The second is a crude oil price war between Russia and Saudi Arabia, which erupted following the collapse of the production cutbacks agreed to by the OPEC+ alliance. So far, benchmark prices have dropped by 40 per cent.
“It’s the teeter-totter for a lot of these markets,” Georgy said, and warned there could be tough times ahead for corn as ethanol won’t be able to compete with falling oil prices.
The third factor is the downfall of stock markets.

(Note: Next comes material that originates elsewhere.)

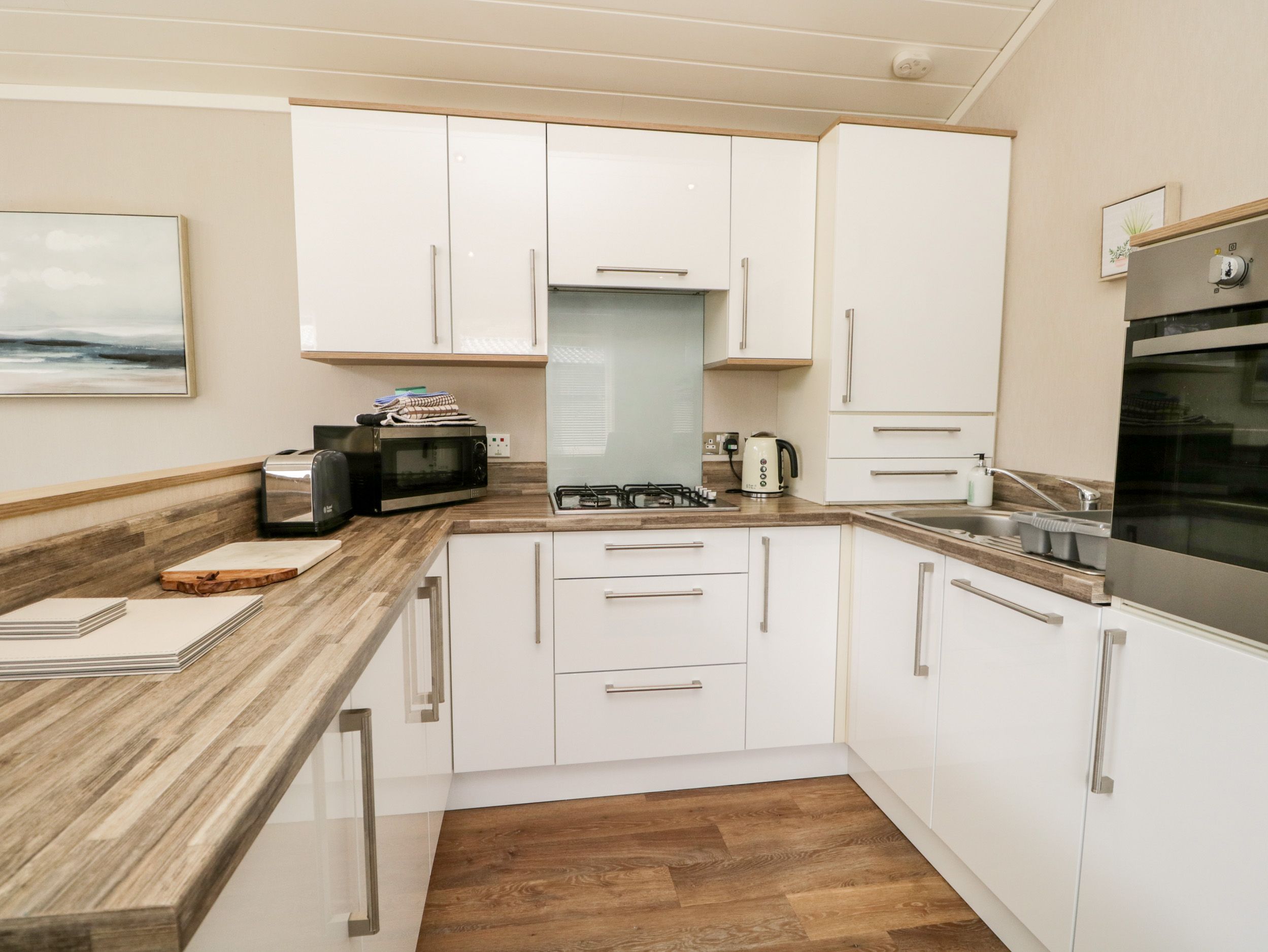 All-ground-floor. Two bedrooms: 1 x King Size en-suite with shower, sink, toilet and heated towel rail/radiator, 1 x twin with fitted wardrobe and bedside cabinet. Housebathroom with bath with over bath shower, toilet, sink, mirrored vanity unit heated chrome towel rail/radiator Open-plan living space with kitchen, dining area and sitting area plus a 2 and 3 seater leather sofa with footstool, wall mounted flat screen Smart TV with HDMI & USB ports, DVD player, high gloss white fitted kitchen.

A surge of money into the economy, such as a U.S. government stimulus package, “is going to stabilize our markets,” he said. However, such has yet to formally be announced by the Trump administration.
These three factors, especially the third, aren’t boding well for commodities, Georgy warned.
“Hopefully we will be getting into the idea of starting to divorce ourselves a little from the watching the financial industry and start looking at where we should be right now,” he said.
Although the U.S. Department of Agriculture (USDA) issued its supply and demand report on Tuesday the markets paid very little attention to it, Georgy said.
That’s partly because the department didn’t alter its forecasts for U.S. corn, soybeans and wheat. USDA did make a few changes to its global outlook, such as upping its projections for corn production in South Africa from 14.5 million tonnes to 16 million. Also, USDA increased its forecast for soybean production in Argentina and Brazil by one million tonnes each, to 54 million and 126 million respectively.
Come March 31 there will two USDA reports that could generate significant reactions in the markets. One will be the report on planting intentions in the U.S., and the second will be the U.S. grain stocks as of March 1.
— Glen Hallick reports for MarketsFarm from Winnipeg.